Rustam menerawang jauh. Lagi.
"Papa melamun?" Mia memintas lamunannya.
Rustam hanya menatap anak gadisnya dengan senyum yang kian hari ia rasa kian
hambar saja.
Sementara di tangga, Sandra yang baru saja selesai
mandi sore, berdiri seperti ikut
tercenung akan percakapan-percakapan yang ditangkap telinganya. Dan Sandra juga tahu benar akan perang dingin kedua
orang tuanya. Perang, yang
baru disadarinya pada usia memasuki dewasa ini, begitu memojokkan papanya.
Bahwa Rustam telah diasingkan dari hidup sebuah rumah tangga yang utuh.
Ruangan itu menjadi gaduh ketika Mbi yang merapikan
ruang baca mendadak bersuara. “Non Mia, saya temukan ini di bawah meja!" teriaknya sambil
mengacungkan selembar kertas.
Mia memutar duduk, melihat pada Mbi. Begitu pun
Rustam. Dan, Sandra malah
tersenyum lebar: pastilah kertas itu puisi-puisi Mia lagi! Dan Mia juga merasa
begitu. Pastilah ia telah tidak sengaja menulis puisi di ruang baca dan
kemudian terjatuh ke kolong meja. Dan Mia segera tersadar kalau kertas itu
sempat ke tangan Sandra, maka gadis itu akan mengolok-oloknya. Tapi Mia
terlambat dan kertas itu telah diambil Sandra dari Mbi.
"Tentu puisi penyair kita lagi, ya, Mbi?" katanya agak menyindir.
"Tahan, Mbi! Jangan berikan Mbak Sandra!"
Tapi teriakan Mia pun sama terlambatnya dengan gerakannya.
"Nah, inilah puisi
yang bakal memenangkan lomba cipta puisi kategori puber...!" ledek Sandra kemudian tertawa. Rustam yang sebentar
memperhatikan pun tersenyum lebar kemudian duduk di depan piano. Ya, begitu sering Rustam menyaksikan dua anaknya itu saling ejek.
Dan, terus terang, semua itu menjadi amat membahagiakannya.

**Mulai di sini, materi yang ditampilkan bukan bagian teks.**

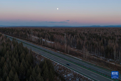 這是11月4日拍攝的黑龍江省伊春市豐林縣上空的月亮(無人機(jī)照片)。(新華社記者 謝劍飛 攝)
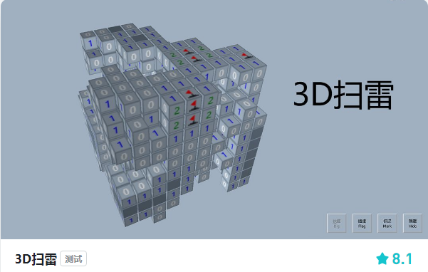 而今天也不介绍别的,正是是一款全新的扫雷游戏,最大的变化就是从二维变成了三维立体,而它的名字也简单粗暴——《3D扫雷》。这款游戏开发并没有什么公司或是工作室来头,而是一名学生作者b站同名up主“敲可耐的咕魂君”在学习软件过程中研发的一款小游戏。即便如此这款游戏在taptap上有着8分以上的好成绩,看来对于扫雷的情怀大家都是一样的。

"Jangan mengejek!" hadang Mia sengit
ketika Sandra terus mengoloknya. Mia berusaha merebut.
"Eit, jangan main rampas! Tunggu saya bacakan
dulu, ya, Nona Mia..." ledek Sandra lagi.
Mia merasa mukanya menjadi panas. Apalagi
akhir-akhir ini, benar, ia telah
menjadi seorang penyair yang tolol, seperti kata Sandra. Tapi ketika dilihatnya
Sandra tidak lagi tertawa saat membaca kertas itu, Mia spontan heran.
"Bukan puisimu, Penyair..." ujar Sandra sedikit berbisik. "Lihat, nih, puisi papa."
"Hah? Papa bikin puisi? Papa jadi penyair?
Sejak kapan tuh?!" Mia membelalakkan matanya dengan lucu.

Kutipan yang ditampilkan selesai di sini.